This is the location of the core drilling in the Pilbara Craton, West Australia.
Credit: Hiroshi Ohmoto/Yumiko Watanabe

Red jasper cored from layers 3.46 billion years old suggests that not only did the oceans contain abundant oxygen then, but that the atmosphere was as oxygen rich as it is today, according to geologists.

This jasper or hematite-rich chert formed in ways similar to the way this rock forms around hydrothermal vents in the deep oceans today.

"Many people have assumed that the hematite in ancient rocks formed by the oxidation of siderite in the modern atmosphere," said Hiroshi Ohmoto, professor of geochemistry, Penn State. "That is why we wanted to drill deeper, below the water table and recover unweathered rocks."

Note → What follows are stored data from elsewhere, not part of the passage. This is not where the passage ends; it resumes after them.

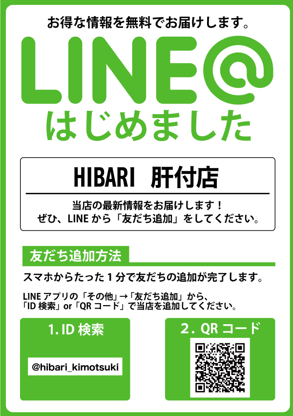 ひばり肝付店♪本日も10時より新規会員募集☆
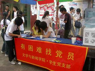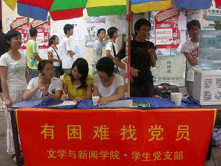 (本网讯)在文新院的迎新工作中,本院员工党员也积极参与其中,为迎新工作贡献自己的力量。 党员义务岗设在北苑男生宿舍门口,大大的红色喷绘“有困难,找党员”六个字特别醒目。党员义务岗的值班人员主要是刚步入大二的各班的党员和部分入党积极分子,他们的工作主要是为新生解答疑惑和接待从南苑行李站运过来的员工行李,并帮忙将其运到员工宿舍。同时,义务岗的成员积极配合迎新总站的工作,机动的插入到人手不够的岗位中,充分体现了公司党员的良好的思想风貌。
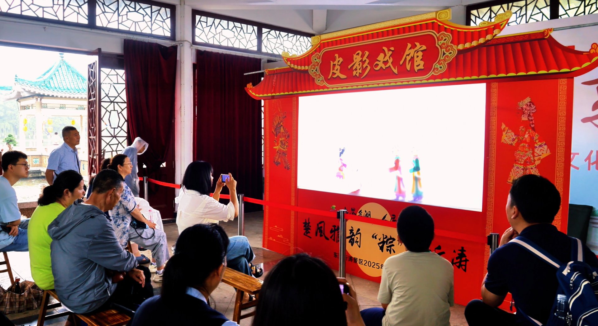 东湖听涛景区,游客观看皮影戏表演。景区供图
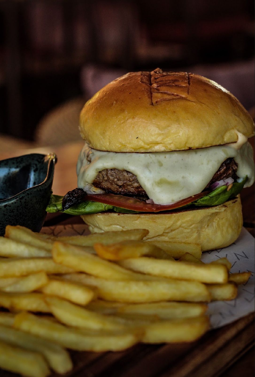 Suculento burguer de carne Angus, com cremoso creme de gorgonzola artesanal, acompanhado de batatas fritas.
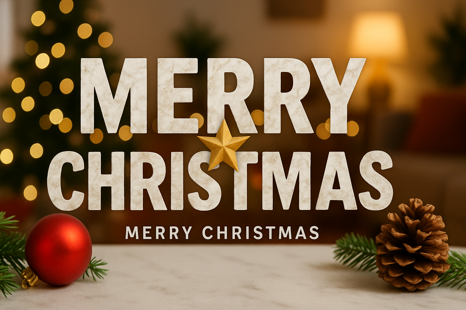 /Collection: /by davooda/Type: PNG/A warm and inviting Christmas-themed graphic featuring a bold 'Merry Christmas' message with decorative elements, ideal for holiday greeting cards or social media posts.
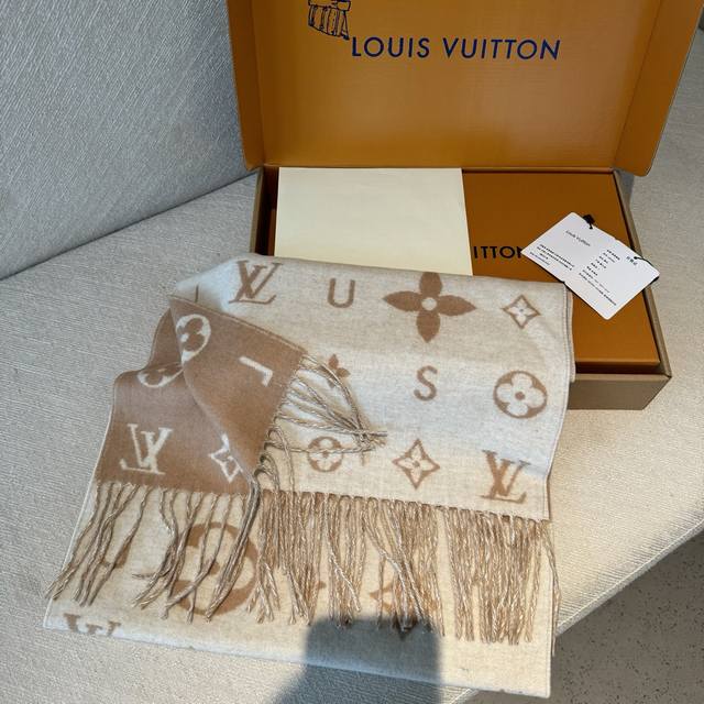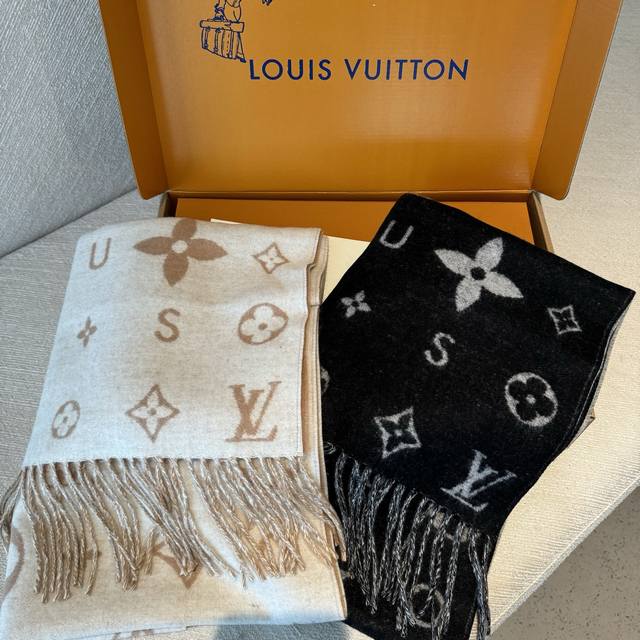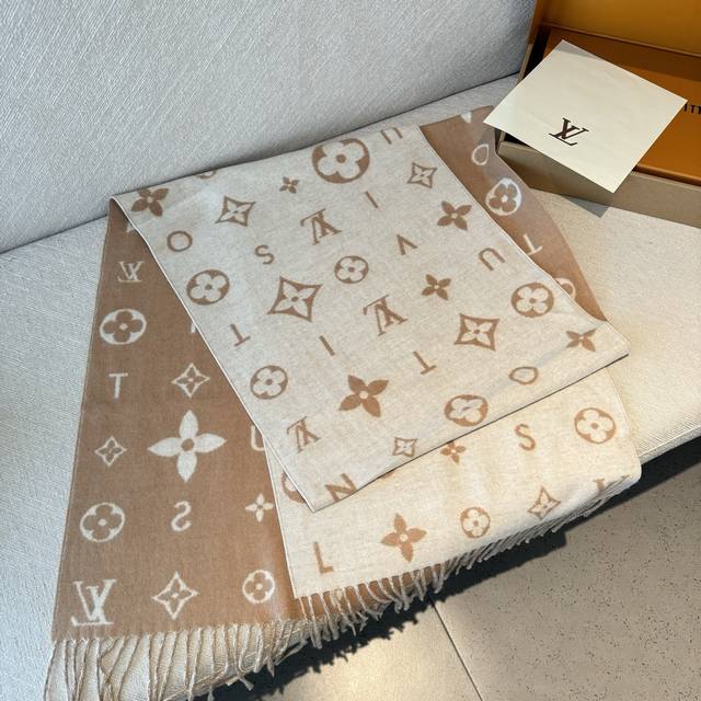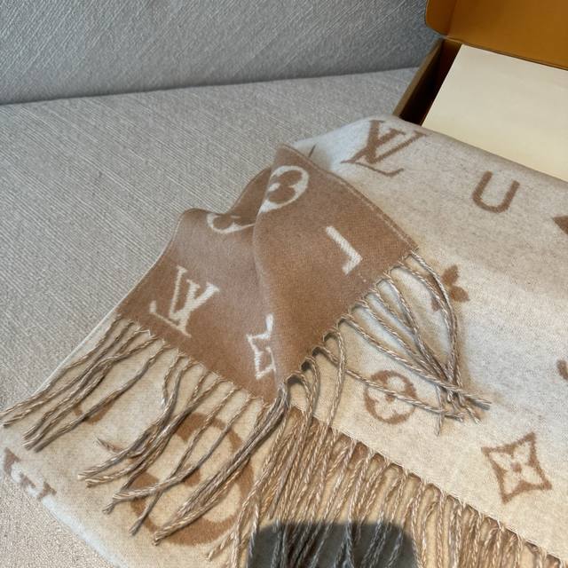 / Reykjavik 2.0 围巾为柔软山羊绒标注 Monogram 花卉和 Lv 字母,其间点缀品牌名称的单一字母,以摩登风姿焕新经典。加长设计适宜环绕颈部,亦
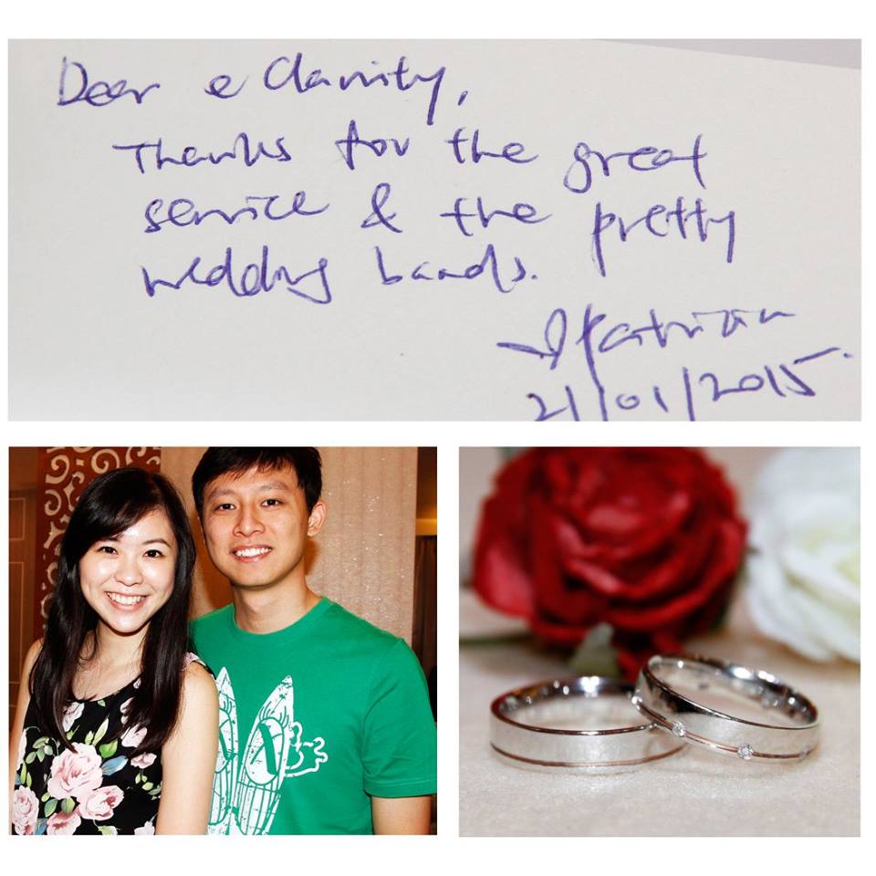 “Dear #eClarity, thanks for the #greatservice & the #pretty wedding bands. – Calvin & Patricia”
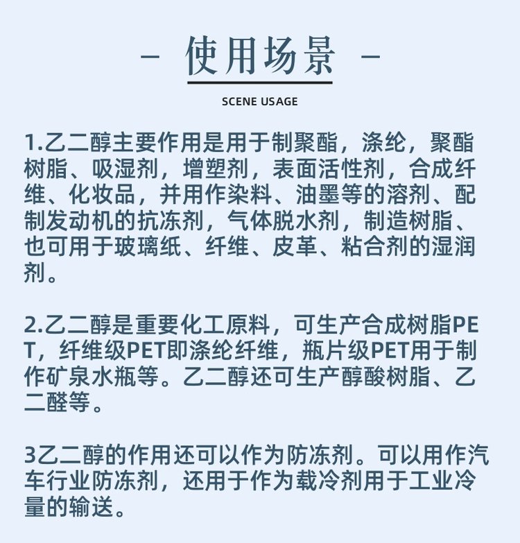 乙二醇用途 | 制冷剂,清洗剂,增稠剂 | ||
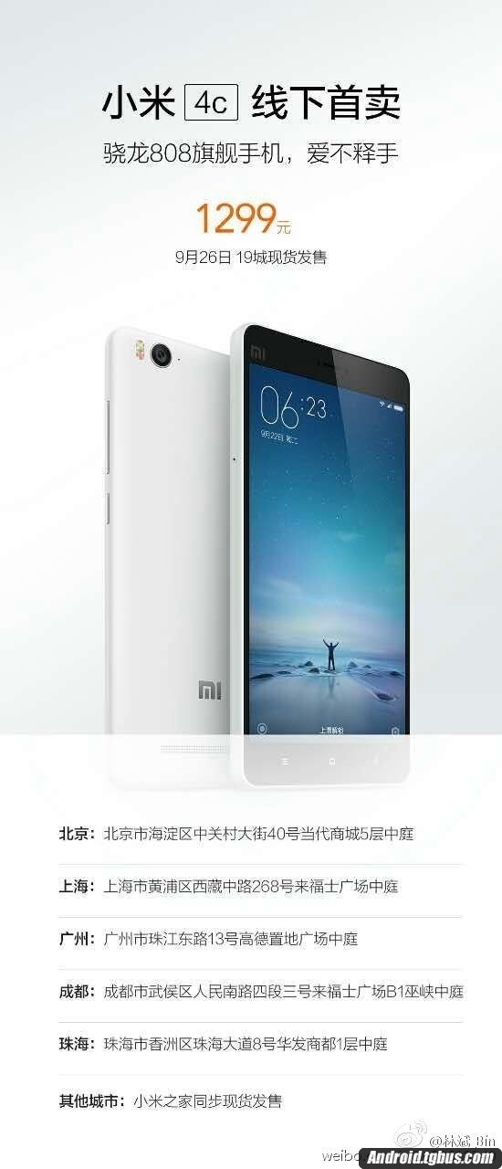 據悉,小米4c已於9月23日正式開賣,有白、灰、黃、藍、粉5種機身顏色可選。2GB內存+16GB機身存儲空間版本售價1299元,3GB內存+32GB機身存儲空間版本售價則是1499元。而為了滿足更多用戶們的需求,9月26日小米拿出一小部分小米4C,在北京、上海、廣州、成都、珠海五個城市的商場現貨開賣,價格同樣是1299元起。

The researchers drilled diagonally into the base of a hill in the Pilbara Craton in northwest Western Australia to obtain samples of jasper that could not have been exposed to the atmosphere or water. These jaspers could be dated to 3.46 billion years ago.

"Everyone agrees that this jasper is 3.46 billion years old," said Ohmoto. "If hematite were formed by the oxidation of siderite at any time, the hematite would be found on the outside of the siderite, but it is found inside," he reported in a recent issue of Nature Geoscience.

The next step was to determine if the hematite formed near the water's surface or in the depths. Iron compounds exposed to ultra violet light can form ferric hydroxide, which can sink to the bottom as tiny particles and then be converted to hematite at temperatures of at least 140 degrees Fahrenheit.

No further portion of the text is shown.